- Source material -
┄┄┄┄┄┄
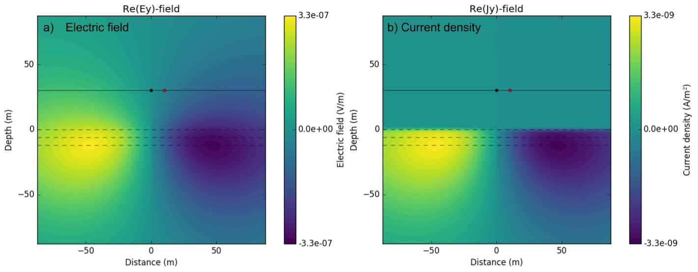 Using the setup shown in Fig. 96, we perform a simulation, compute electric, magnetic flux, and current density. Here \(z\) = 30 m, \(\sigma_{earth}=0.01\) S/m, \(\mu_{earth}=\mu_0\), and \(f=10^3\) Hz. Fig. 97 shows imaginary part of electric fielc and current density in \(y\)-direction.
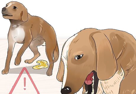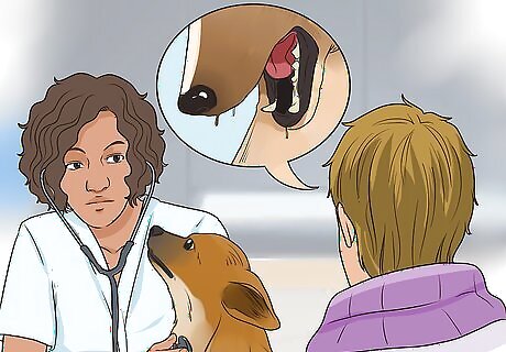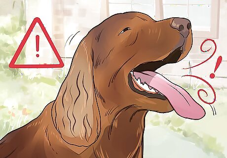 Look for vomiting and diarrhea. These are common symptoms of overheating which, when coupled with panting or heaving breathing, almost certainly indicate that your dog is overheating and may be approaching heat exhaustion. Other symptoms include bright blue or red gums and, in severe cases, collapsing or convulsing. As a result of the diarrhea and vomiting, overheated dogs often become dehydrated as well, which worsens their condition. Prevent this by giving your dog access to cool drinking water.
┄┄┄┄┄┄
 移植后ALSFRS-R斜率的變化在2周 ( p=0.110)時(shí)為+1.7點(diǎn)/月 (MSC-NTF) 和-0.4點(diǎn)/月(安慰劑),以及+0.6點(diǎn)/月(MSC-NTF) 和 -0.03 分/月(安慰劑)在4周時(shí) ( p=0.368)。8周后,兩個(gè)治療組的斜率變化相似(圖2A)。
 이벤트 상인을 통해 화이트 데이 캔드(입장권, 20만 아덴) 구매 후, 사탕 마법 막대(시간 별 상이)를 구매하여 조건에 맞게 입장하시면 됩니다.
┄┄┄┄┄┄
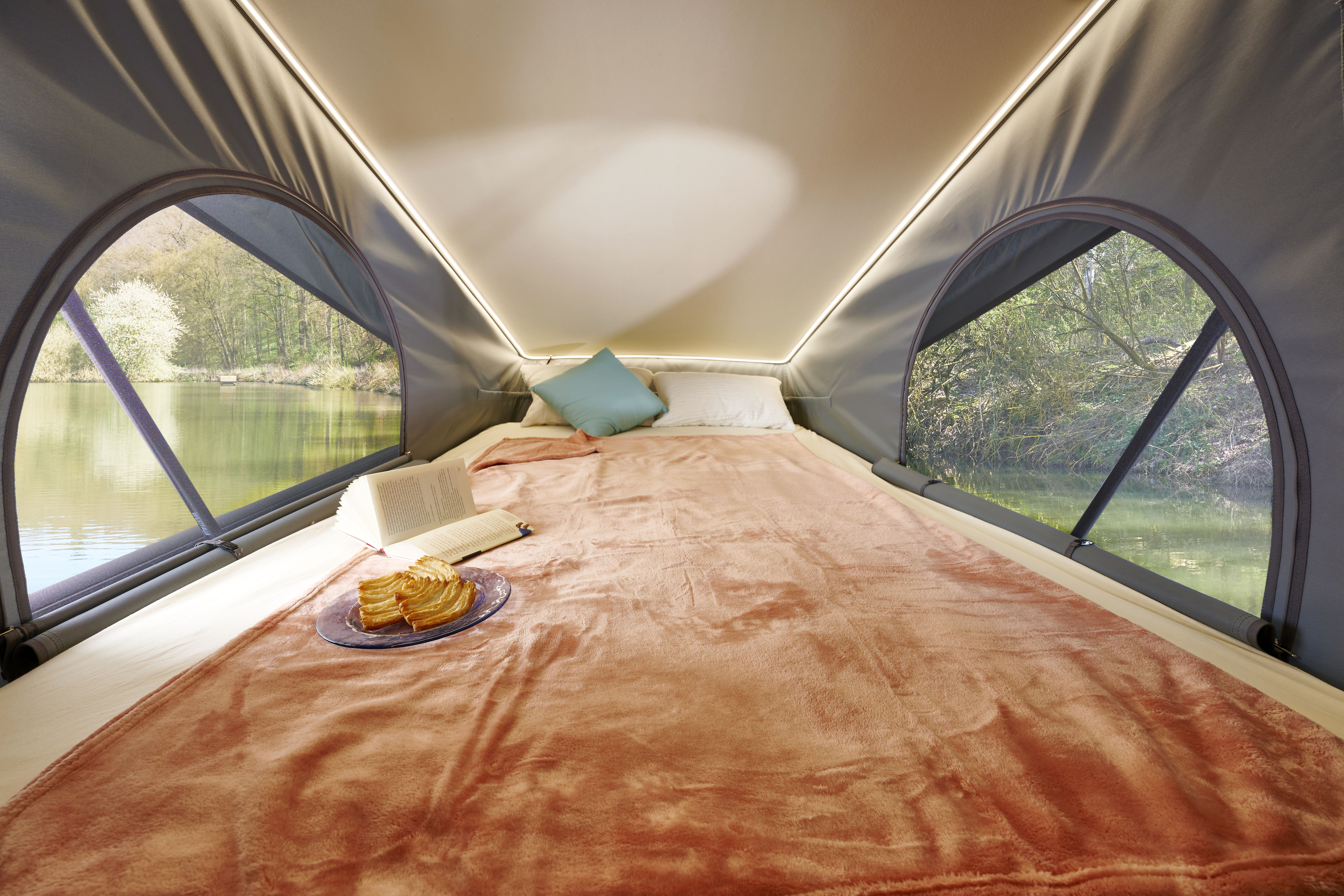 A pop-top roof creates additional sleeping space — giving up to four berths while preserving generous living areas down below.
┄┄┄┄┄┄
- Work instruction -
Only one stretch of the records above is wanted: the lines between the one holding "移植后ALSFRS-R斜率的變化在2周 ( p=0.110)時(shí)為+1.7點(diǎn)/月" and the one holding "이벤트 상인을 통해 화이트", inclusive, reproduced exactly.

- Answer to this exercise -
 移植后ALSFRS-R斜率的變化在2周 ( p=0.110)時(shí)為+1.7點(diǎn)/月 (MSC-NTF) 和-0.4點(diǎn)/月(安慰劑),以及+0.6點(diǎn)/月(MSC-NTF) 和 -0.03 分/月(安慰劑)在4周時(shí) ( p=0.368)。8周后,兩個(gè)治療組的斜率變化相似(圖2A)。
 이벤트 상인을 통해 화이트 데이 캔드(입장권, 20만 아덴) 구매 후, 사탕 마법 막대(시간 별 상이)를 구매하여 조건에 맞게 입장하시면 됩니다.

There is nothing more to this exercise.